(Expansión) – On May 4, at the president’s morning conference, the Package Against Inflation and Scarcity (PACIC) was presented, which includes four main strategies.
They are properly: the production strategy, aimed at increasing the food supply and the gasoline subsidy; the distribution strategy, which revolves around not increasing transport rates (road and rail tolls) and strengthening the road safety strategy; the foreign trade strategy, with zero import tariffs for 21 of the 24 products of the basic basket and five strategic inputs and, finally; other measures, such as private participation in the PACIC ( ) and the commitment not to increase the prices of Telmex and Telcel services.
For this program to be considered successful, a containment should be observed in the evolution of the price level of the 24 essential products (basic basket Profeco) considered in the PACIC. To date, no significant containment has been observed in the evolution of the prices of these items. More generally, food inflation went from 13.72% in April 2022 -prior to the PACIC announcement- to 15.22% in the first week of July.
When talking about program evaluation, it is also important to consider a counterfactual scenario. In this case, the counterfactual scenario is configured through the following question: what would the observed inflation be in the absence of the PACIC? At the time of announcing the PACIC, the Ministry of Finance and Public Credit (SHCP) anticipated that without the stabilization of the price of gasoline from the IEPS and the additional stimuli, inflation in the first half of April and not 7.7%, as it turned out back then.

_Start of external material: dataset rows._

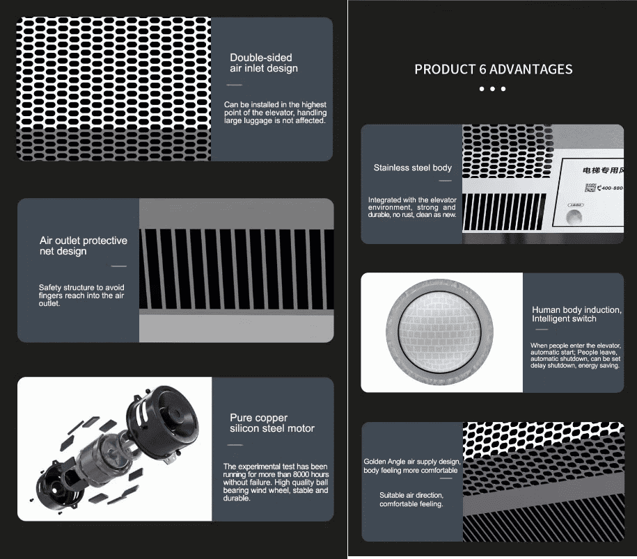 Thiết kế cửa hút gió hai mặt, có thể lắp đặt ở điểm cao nhất của thang máy, không ảnh hưởng đến việc xử lý hành lý lớn.
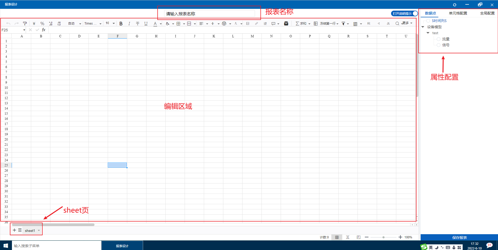 可以自定义报表名称、中间是编辑区域、下面是sheet页、右边是数据源及属性配置区域。如下图:
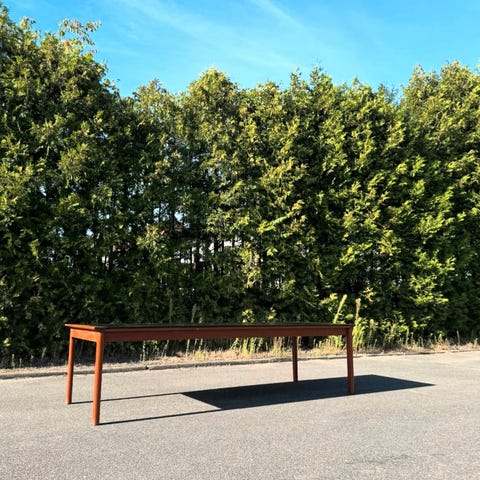 Stand: Bordpladen er nyrenoveret. Ellers med aldersrelateret brugsspor (antagelig fra 60'erne) i form af patineret læder og træet er med overfladiske skrammer og mindre afslag.
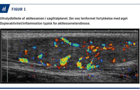 to tredjedele) end patologi ved tilhæftningen på calcaneus. Der er klassisk smertetriade, og senen findes øm og ofte synligt fortykket. Ved UL-skanning ses især hypoekkogenicitet, øget flow og fortykkelse af senen, som alle korrelerer med smerter [3] (Figur 1). Behandlingen er primært aflastning fra hop og løb og stimulerende styrketræning [9, 25] og strækøvelser [7]. Ved entesopatierne beskrives i reglen dårligere effekt af styrketræning, men hvis man undlader smertevoldende belastninger med anklen i dorsalflekteret stilling, opnås der ligeværdig effekt [7]. I en dansk reumatologisk speciallægepraksis var det dog kun ca. 25%, som opnåede et tilfredsstillende resultat ved aflastning og træning alene [7]. Supplement med 1-2 KS-injektioner eller HVI kan forsøges [7, 14]. ESWT kan også forsøges [19], inden man overvejer operation, som er sidste udvej ved utilfredsstillende effekt af konservativ behandling. Operation foretages hyppigst ved entesopati [8].
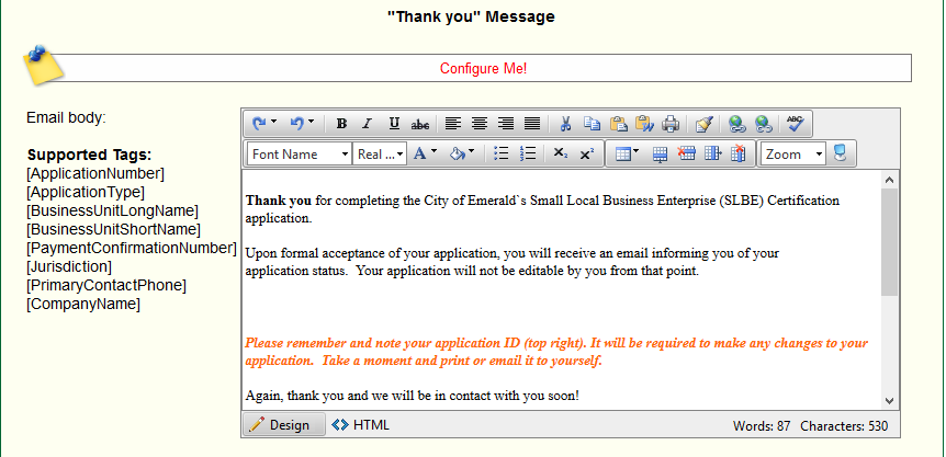 This is the page that allows you to configure the messages that are sent out as a part of your Online Application.
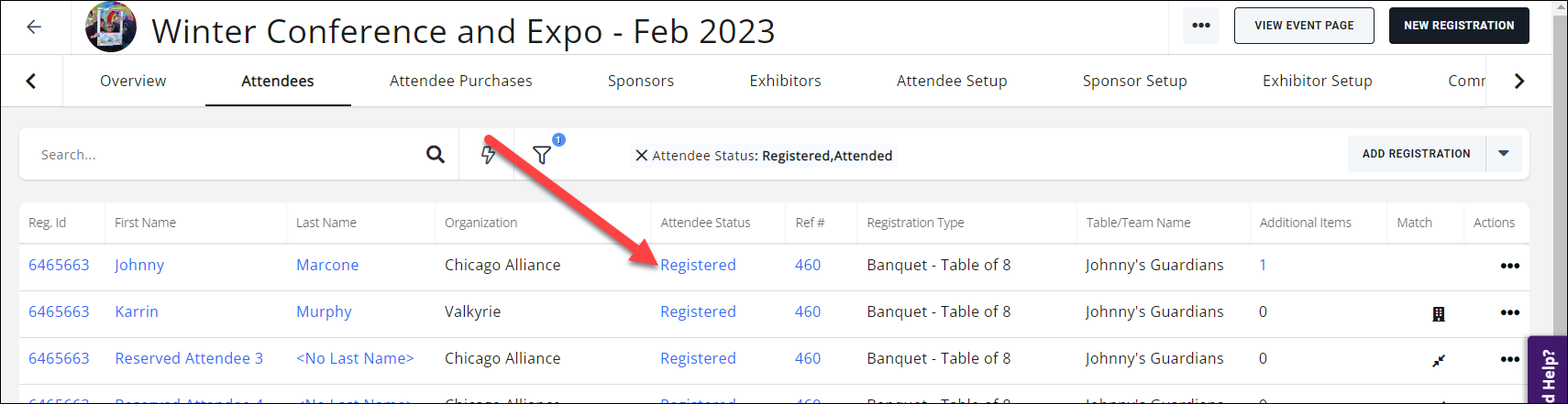 When using this option to check in attendees, it is important to note you can only use one computer to check in all attendees. The reason for this is if two computers are being used, and Computer A marks Attendee A as attended, a timestamp is applied to the Attendees tab. Computer B may not have refreshed their Attendees tab, so on their display, Attendee A is still in a Registered status; if Computer B checks in Attendee B, then a new timestamp is applied to the tab and overwrites the previous status, setting Attendee A back to a Registered status while Attendee B is now in Attended status.

It seems to me of great importance to point out that this containment in inflation indicated by the SHCP is due to the direct impact -arithmetic- of the stabilization of the price of gasoline in the inflation component. It is clear that in the absence of these stimuli, inflation would be higher than what we have been observing, what is not clear is, on the one hand, whether these stimuli and the rest of the strategies in the PACIC have had a second-order impact – not direct- on observed inflation, specifically on food inflation and, on the other hand, if the PACIC in general is a cost-effective strategy.
Regarding the impact on food inflation, in addition to the previously mentioned increase in percentage points, the incidence of food on general inflation has also increased in the reference period.
As to whether PACIC is a cost-effective strategy, a much broader discussion is needed on what other strategies or programs could have been implemented to counteract the general increase in food prices, or to contain the drop in purchasing power, specifically that of lower-income households, where a greater proportion of disposable income is allocated to the consumption of the basic food basket.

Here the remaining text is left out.